_Given entries_
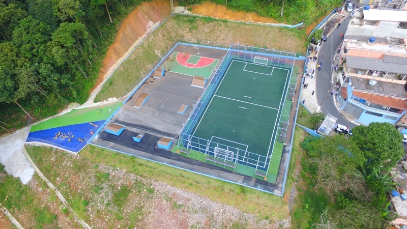 A revitalização do espaço demandou investimento da ordem de R$ 727 mil, sendo R$ 537 para implantação do kit quadra esportiva e R$ 190 mil para reparos no terreno.
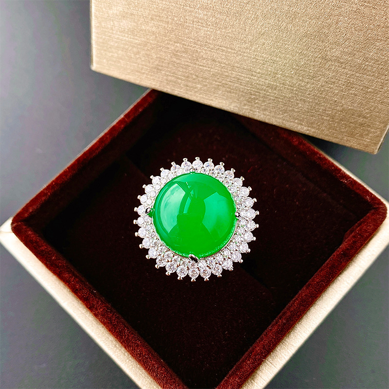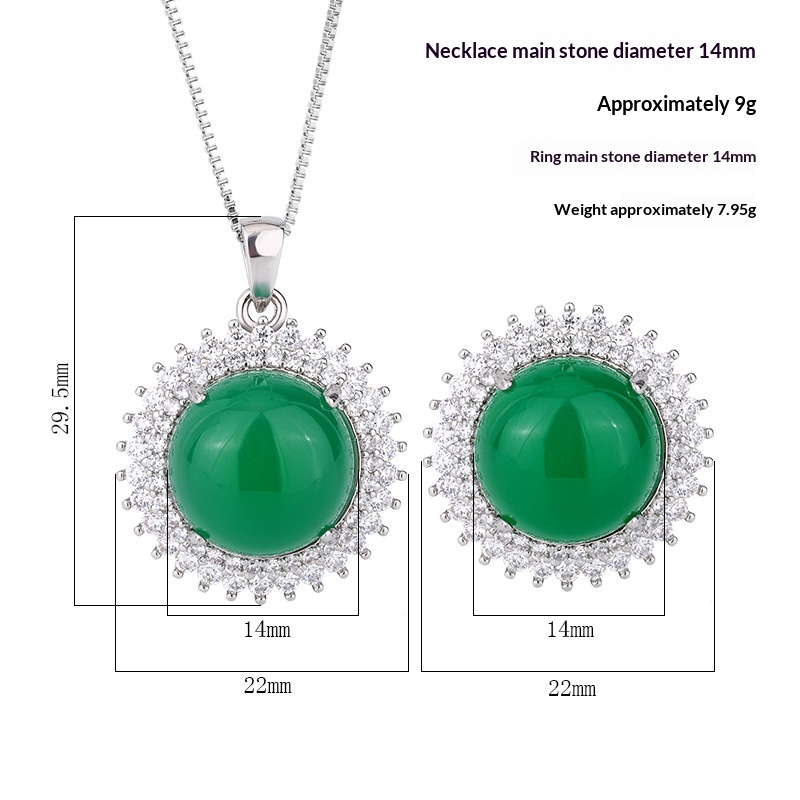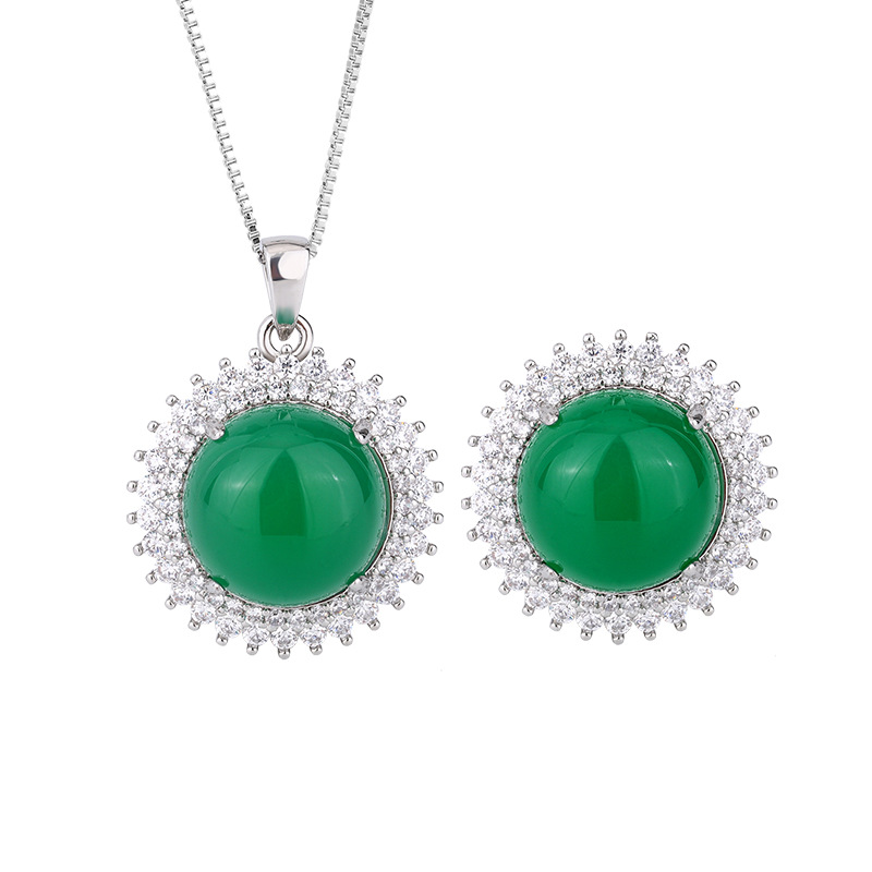 Elegant Fluorescent Round Chalcedony Set For Women Ring And Pendant
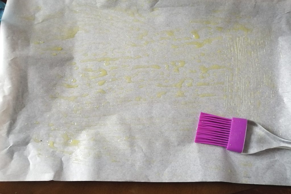 In a 9.8 in x 13.8 in baking pan (25 cm x 35 cm) place a sheet of parchment paper and brush a little extra virgin olive oil over it.
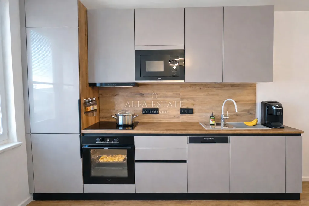 Srdcem bytu je moderní kuchyňská linka vyrobená na míru se spotřebiči značky Gorenje, která elegantně navazuje na obývací část a vytváří otevřený, vzdušný a příjemný obytný prostor. Ve stejném kvalitativním standardu byla zhotovena také prostorná vestavěná skříň v předsíni, rovněž značky Gorenje. Koupelna byla navržena s důrazem na estetiku i praktičnost a nabízí prostorný sprchový kout o velikosti 120 cm i citlivě řešený prostor pro pračku a sušičku.
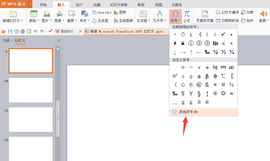 3、在“符号”子菜单的下拉菜单内,如图中红色箭头所示,点击“其他符号”。弹出选择框。

_Task item_
Quote verbatim every line starting at the line that contains "In a 9.8 in" and ending with the last line of the records; omit all pictures.

_Exercise result_
 In a 9.8 in x 13.8 in baking pan (25 cm x 35 cm) place a sheet of parchment paper and brush a little extra virgin olive oil over it.
 Srdcem bytu je moderní kuchyňská linka vyrobená na míru se spotřebiči značky Gorenje, která elegantně navazuje na obývací část a vytváří otevřený, vzdušný a příjemný obytný prostor. Ve stejném kvalitativním standardu byla zhotovena také prostorná vestavěná skříň v předsíni, rovněž značky Gorenje. Koupelna byla navržena s důrazem na estetiku i praktičnost a nabízí prostorný sprchový kout o velikosti 120 cm i citlivě řešený prostor pro pračku a sušičku.
 3、在“符号”子菜单的下拉菜单内,如图中红色箭头所示,点击“其他符号”。弹出选择框。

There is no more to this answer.